Universal insurance plan is comparable to whole life because you are protected in the course of your life, provided that you pay the insurance premiums. Your insurance company invested a part of your premium usually in bonds or mortgages. After the death of the insured, his family gets the amount of the policy or the value as well as the cash value of the investment. Your policy may increase or decrease in association with the worth of the investment.

The least complex and costly kind of policy is the term insurance policy. You can get protection for just a certain period of time, and within this period of time you die; your family will receive the value of the policy. However, this type of insurance plan expires if you outlive the term of the policy. Say, you bought a term life policy of 10 years, after 10 years and you are still alive, you will not get the amount stated in the policy. Term life insurance is categorized into two. First is the level term which means the value of the policy remains the same for the duration of the policy. Second is the decreasing term where the value diminishes as you get older.

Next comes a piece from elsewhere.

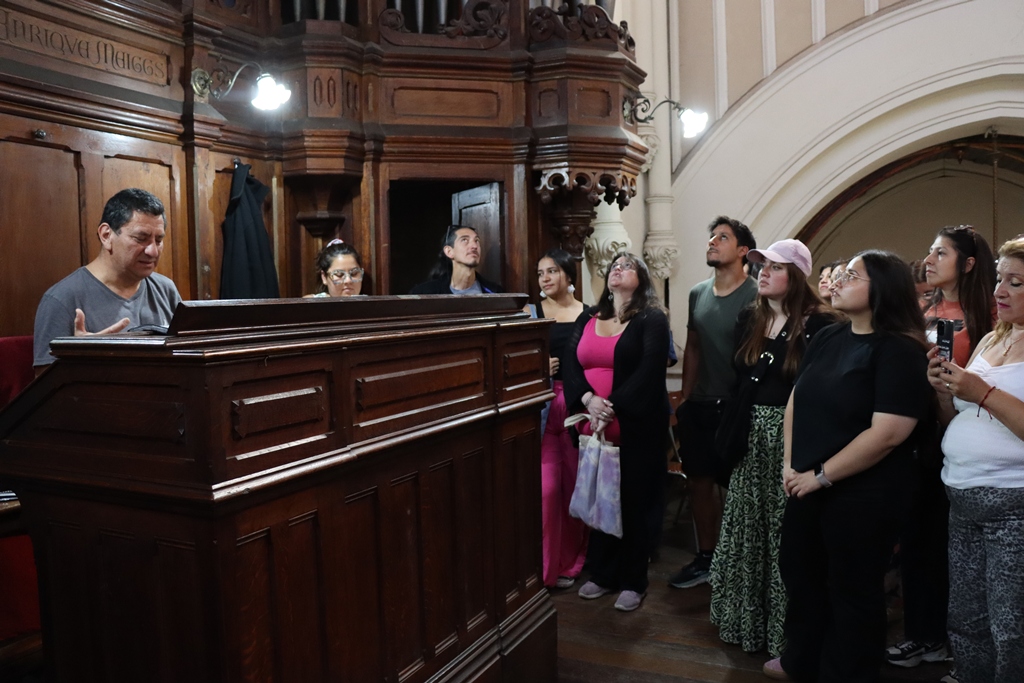 Luego, nos trasladamos a la Iglesia de los Sagrados Corazones, inaugurada el 6 de febrero del año 1854 y declarada como Monumento Histórico el año 2003. En ella, efectuamos un recorrido por la Iglesia mientras se nos entregó información sobre sus diferentes espacios. La visita concluyó escuchando diversas piezas del órgano Cavaillé-Coll.

Another type of life insurance policy is whole life which offers permanent coverage while creating a cash value account. With this insurance policy, the insurer handles and invests the policies cash value accounts. It provides a fixed rate which can’t increase during your lifetime provided that you continue to pay for the premium. Variable life insurance is another type that provides permanent protection for you and offers flexibility on your investment account. This is ideal for the more risk-oriented policy owner. It allows the death benefit to change in terms of the fund returns of the cash value account.

Endowment policy is the most popular type of policy. With this policy, the family of the policyholder will get the insured amount upon the death of the policy holder within the policy term. Nevertheless, if the insured individual survives after the term of the policy, then the insurance carrier provides the guaranteed amount as well as some investment benefits like double endowment, education, marriage endowment plans, etc. to the insured individual.

Life insurance is important to safeguard your loved ones’ future. Apart from protection you get, it may also present an investment method as a kind of savings for your family. And remember, it’s by no means too soon or too late for any person to obtain life insurance. While you enjoy the advantages, you will find that it is worth every cent you’ve spent.